17. The processed vegetable fat composition of claim 16, comprising at least 35 wt%, such as at least 40 wt%, of palmitic acid in triglycerides compared to the total weight of fatty acids in triglycerides, and wherein the proportion of palmitic acid in the sn2 position in triglycerides is at least 52%, such as at least 55%, such as at least 60%, or such as at least 70% of the total palmitic acid.

18. The processed vegetable fat composition of any one of claims 16 to 17, comprising 4.0 to 9.0 wt.% of stearic acid in the triglyceride compared to the total weight of fatty acids in the triglyceride, such as 4.5 to 8.0 wt.%, such as 5.0 to 7.0 wt.%, or such as 6.0 wt.% of stearic acid in the triglyceride compared to the total weight of fatty acids in the triglyceride, and wherein the proportion of stearic acid in the sn2 position in the triglyceride is 10 to 30%, such as 10 to 25%, such as 15 to 25%, or such as 15 to 20% of the total stearic acid.

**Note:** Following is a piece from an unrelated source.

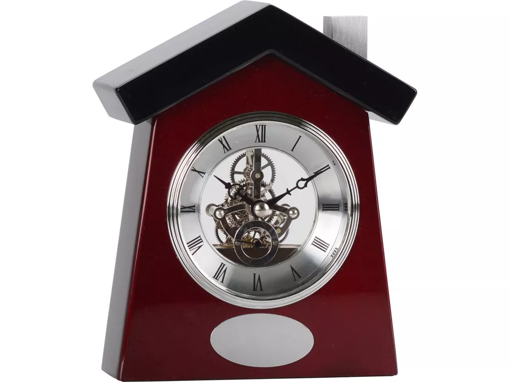 Настольные часы в форме домика будут оригинальным подарком для домашнего кабинета. Шестеренки механизма под прозрачным корпусом привносят романтическую нотку стимпанка, однако форма часов придает им более классический вид. Пластина для нанесения гравировки позволяет превратить их в индивидуальный подарок.

19. Use of a vegetable fat composition according to any one of claims 13 to 15 in which palmitic acid is present at the sn2 position or of a processed vegetable fat composition according to any one of claims 16 to 18 in the manufacture of an infant formula.

20. Use of a vegetable fat composition according to any one of claims 13 to 15 in which palmitic acid is present at the sn2 position or of a processed vegetable fat composition according to any one of claims 16 to 18 in the manufacture of a plant-based food, such as a non-dairy infant food.

21. An infant formula comprising 15 to 100 wt%, such as 15 to 99 wt%, of the vegetable fat composition of any one of claims 13 to 15 in which palmitic acid is present at the sn2 position or of the processed vegetable fat composition of any one of claims 16 to 18, compared to the total amount of fat compositions in the infant formula.